* **GIVEN ENTRIES**:
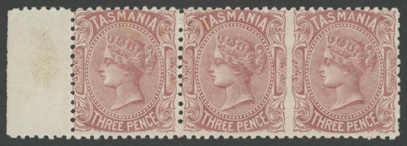 1871-78 QV Sidefaces Hobart Printings 'TAS'-with-Lines Watermark Perf 11½ 3d pale red-brown horizontal strip of 3 from left of the
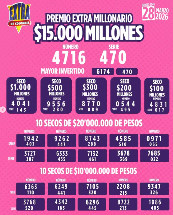 Además, OJO al resultado del Extra de Colombia, el Baloto y demás loterías porque puede que sea Millonario hoy!!! Y aquí va el Extra de Colombia con un mayor de 15 mil millones de pesos. (y en total 36 mil millones de pesos sumando todos sus premios secos y aproximaciones):
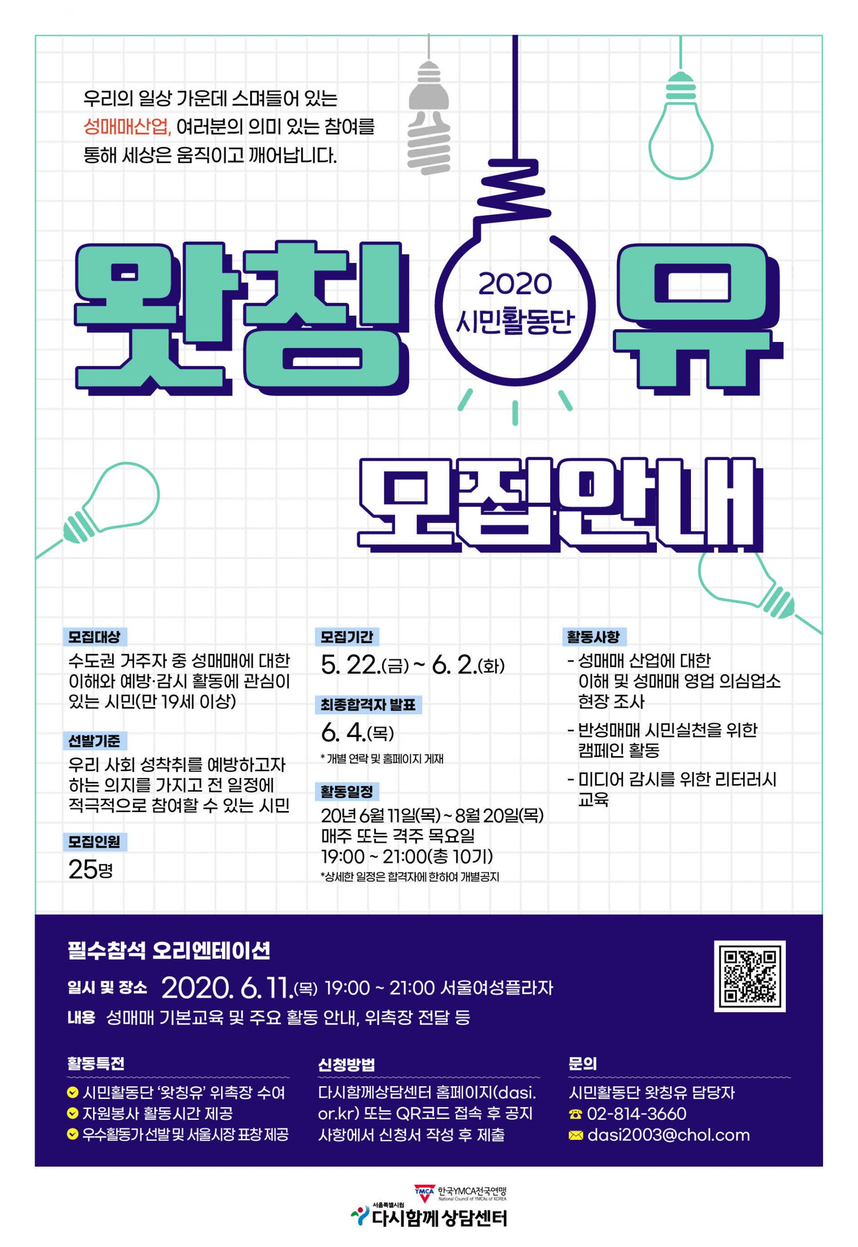 ☞ 모집대상: 수도권 거주자 중 성매매에 대한 이해와 예방 및 감시 활동에 관심이 있는 만 19세 이상의 시민
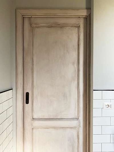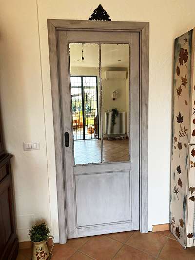 Due porte scorrevoli nuove a scomparsa interno muro di Ylenia, che saranno laccate a mano solo a pennello. La laccatura sarà realizzata nel colore voluto dalla cliente e il colore grigio sarà peraltro anticato per dare quella sensazione di vissuto e vintage che manca a una verniciatura industriale. Su una delle due saranno applicati nel riquadro superiore due specchi antichi, anche questi ulteriormente anticati togliendo a mano piccole parti di vetro per dare un impronta forte di usato alle porte. Ho fornito ad Ylenia anche due sovrapporta antichi che le completano.
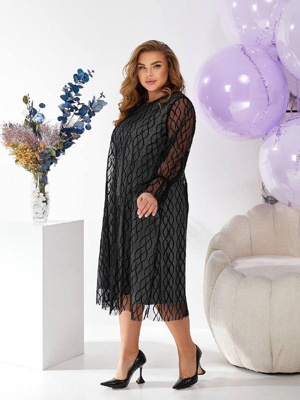 Розмір 52,54,56,58! Тканина: сукні вільного крою люрекс + сітка флок Заміри виробу: 52:ОГ 112 довжина рукава 60 довжина виробу 114 54:ОГ 116 довжина рукава 60 довжина виробу 114 56:ОГ 120 довжина рукава 60 довжина виробу 114 58:ОГ 124 довжина рукава 60 довжина виробу 114 пбр
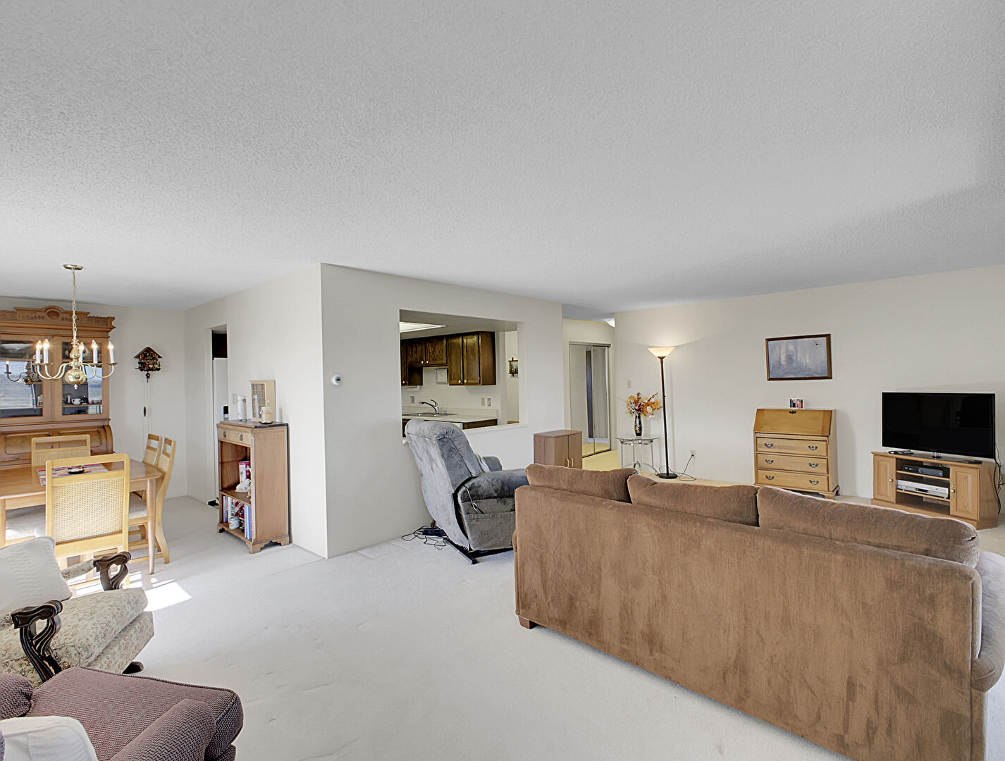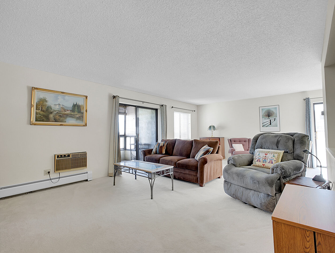 Baseboard Radiator, Carpet, Drywall, Natural Light, Notable Chandelier, Textured Ceiling, Wall Mounted Ac, Carpet, Notable Chandelier, Textured Ceiling
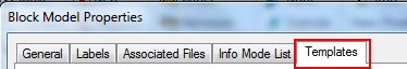 As with many 3D window functions, templates are accessible from any 3D window properties dialog, appearing as a tab that sits along the top of the dialog. For example, the Block Model Properties dialog looks like this:
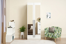 Шкаф 2-х створчатый Берген с зеркалами белое дерево
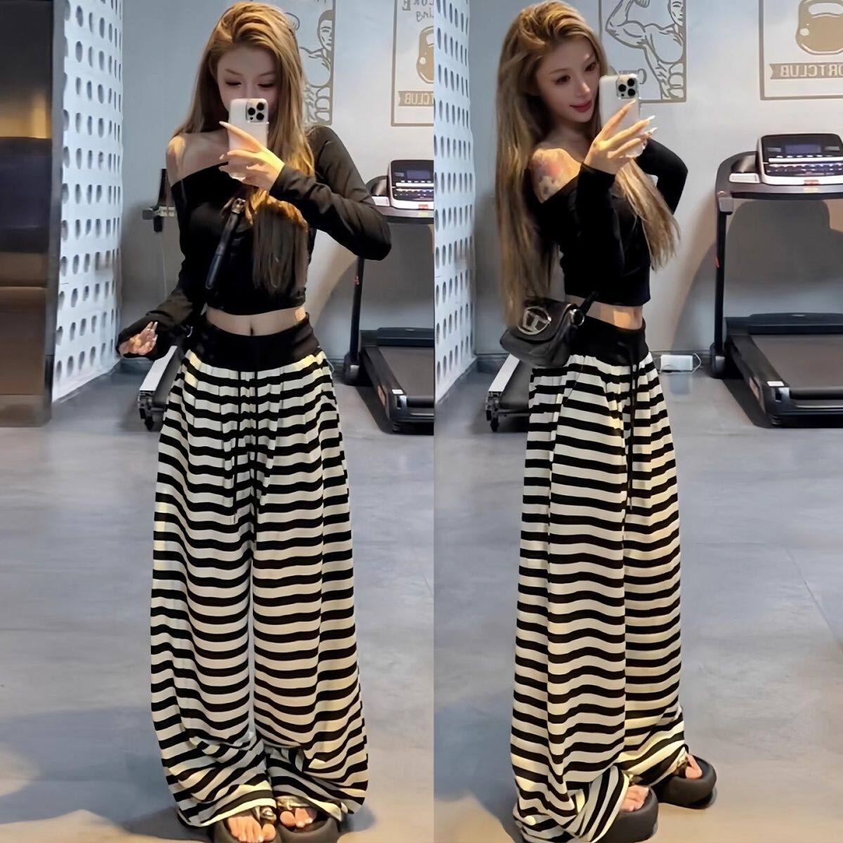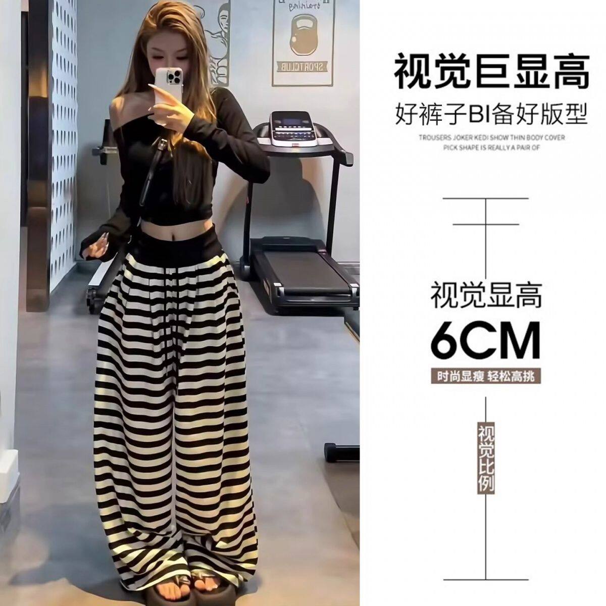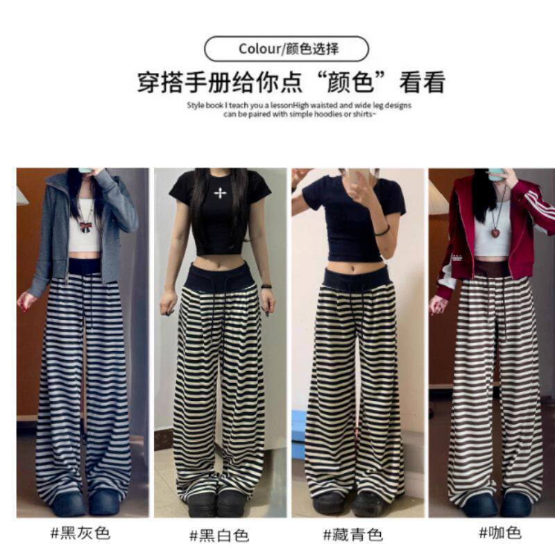 今年流行爆款2026夏季新款高腰条纹休闲裤女阔腿裤百搭显瘦长裤子

* **PROBLEM TO SOLVE**:
Everything from the line with "As with many" through the last line of the listing should be retyped exactly, with both end lines kept and the pictures left out.

* **YOUR RESPONSE**:
 As with many 3D window functions, templates are accessible from any 3D window properties dialog, appearing as a tab that sits along the top of the dialog. For example, the Block Model Properties dialog looks like this:
 Шкаф 2-х створчатый Берген с зеркалами белое дерево
 今年流行爆款2026夏季新款高腰条纹休闲裤女阔腿裤百搭显瘦长裤子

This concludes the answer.